Bug #62710
closedmultisite replication is super slow when some of the rgws configured in zonegroup are down
0%
Description
Multisite replication is super slow when some of the rgws configured in zonegroup are down.
This can be reproduces with the main branch (as of Aug. 29th, 2023).
- 2 clusters
- each cluster has 3 rgw nodes, and 16 rgw instances per node (with 8 client-facing on the primary site)
- all rgw instances are added in the zonegroup settings
- shutdown all the rgw instances on one primary rgw node
- cosbench write only, 15 users, 30 workers, 600 seconds
- generated 1800 buckets, >2 million objects
Replication lag:
The replication still not done 50 mins after the client traffic finished
Updated by Jane Zhu over 2 years ago
I set the severity of this issue to Major because the issue results in significant replication lag. But it does have a walkaround, which is to remove the downed rgws from the zonegroup settings. So please free to change it to Minor if you think it's more appropriate.
Updated by Jane Zhu over 2 years ago
I accidently put this in a wrong project. Can somebody please move it to "rgw" project? Thanks!

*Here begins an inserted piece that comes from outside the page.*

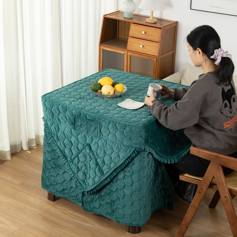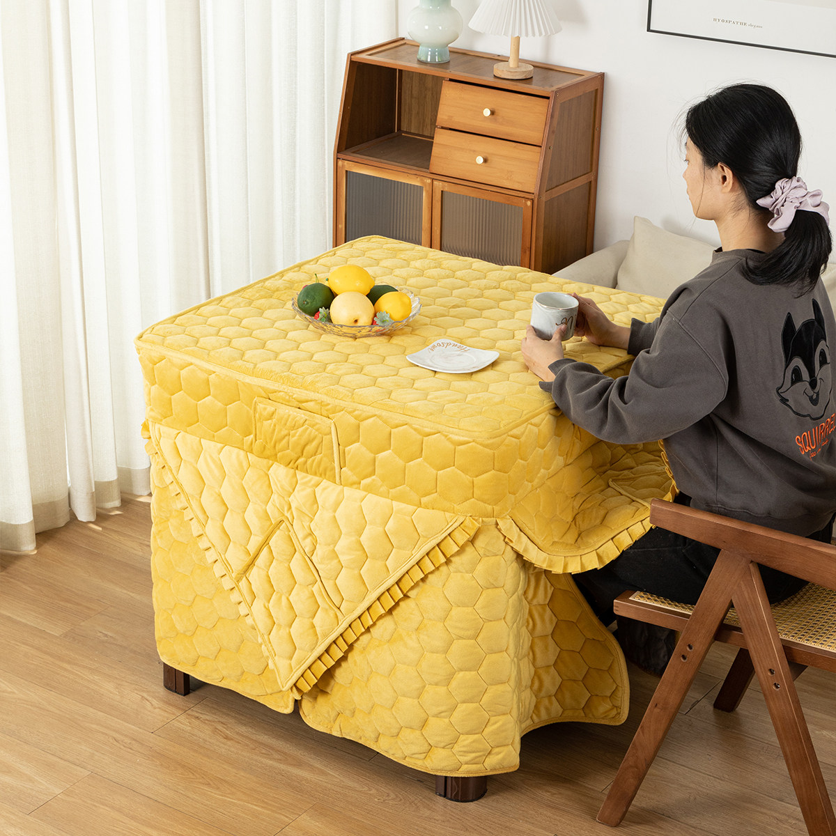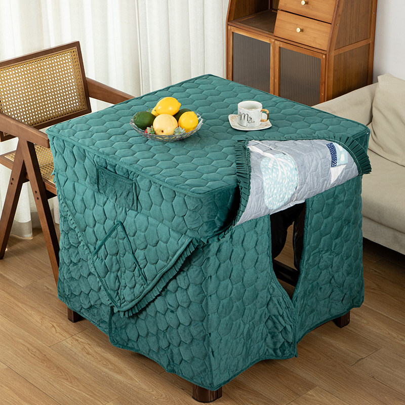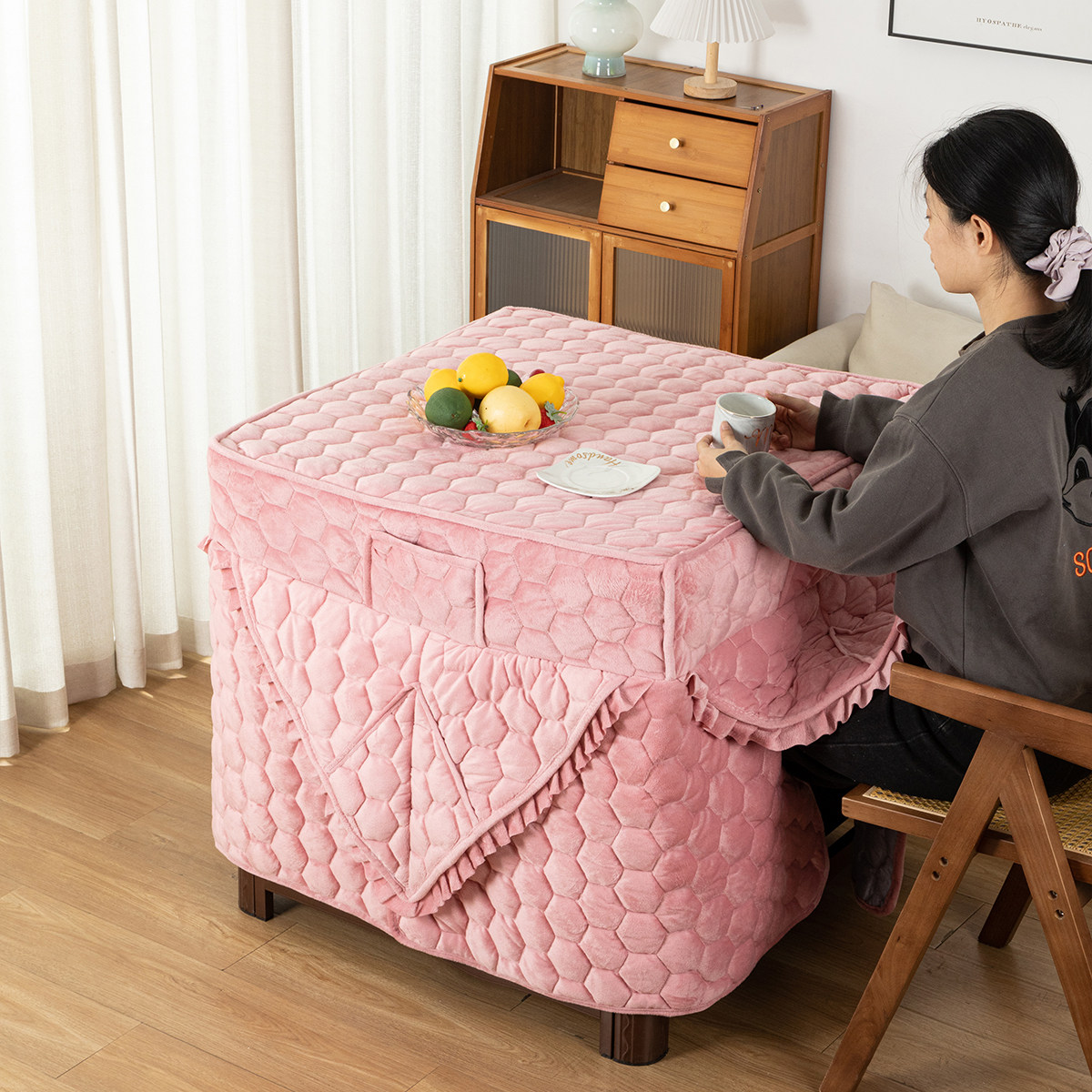 加厚绒面烤火罩正方形烤火桌罩套茶几取暖罩保暖罩大包围布罩冬季

Updated by Neha Ojha over 2 years ago
- Project changed from teuthology to rgw
- Status changed from New to Fix Under Review
- Pull request ID set to 53320
Updated by Casey Bodley about 2 years ago
- Status changed from Fix Under Review to Resolved
Updated by Soumya Koduri almost 2 years ago
@Jane,
The below changes - https://github.com/ceph/ceph/pull/53320/commits/e200499bb3c5703862b92a4d7fb534d98601f1bf seem to have caused regression in LC/cloud-transition code - https://tracker.ceph.com/issues/65251.
if (diff >= CONN_STATUS_EXPIRE_SECS) {
endpoints_status[endpoint].store(ceph::real_clock::zero());
ldout(cct, 10) << "endpoint " << endpoint << " unconnectable status expired. mark it connectable" << dendl;
break;
}
<<<
Even though there is valid endpoint, since the updated time is < 2sec, it returned null RGWRESTStreamS3PutObj pointer resulting in crash in tier code. The crash can be avoided with an extra check but it would still return error failing the transition request at times.
Could you please explain why the above check is needed and if needs to be modified to handle the LC cloud transition and perhaps cloud-sync too (which uses similar routines). Thanks!
Updated by Upkeep Bot 8 months ago
- Merge Commit set to d3256c484136a1b32b79a904861f681a9248ba3c
- Fixed In set to v19.0.0-842-gd3256c48413
- Released In set to v19.2.0~869
- Upkeep Timestamp set to 2025-07-11T22:09:13+00:00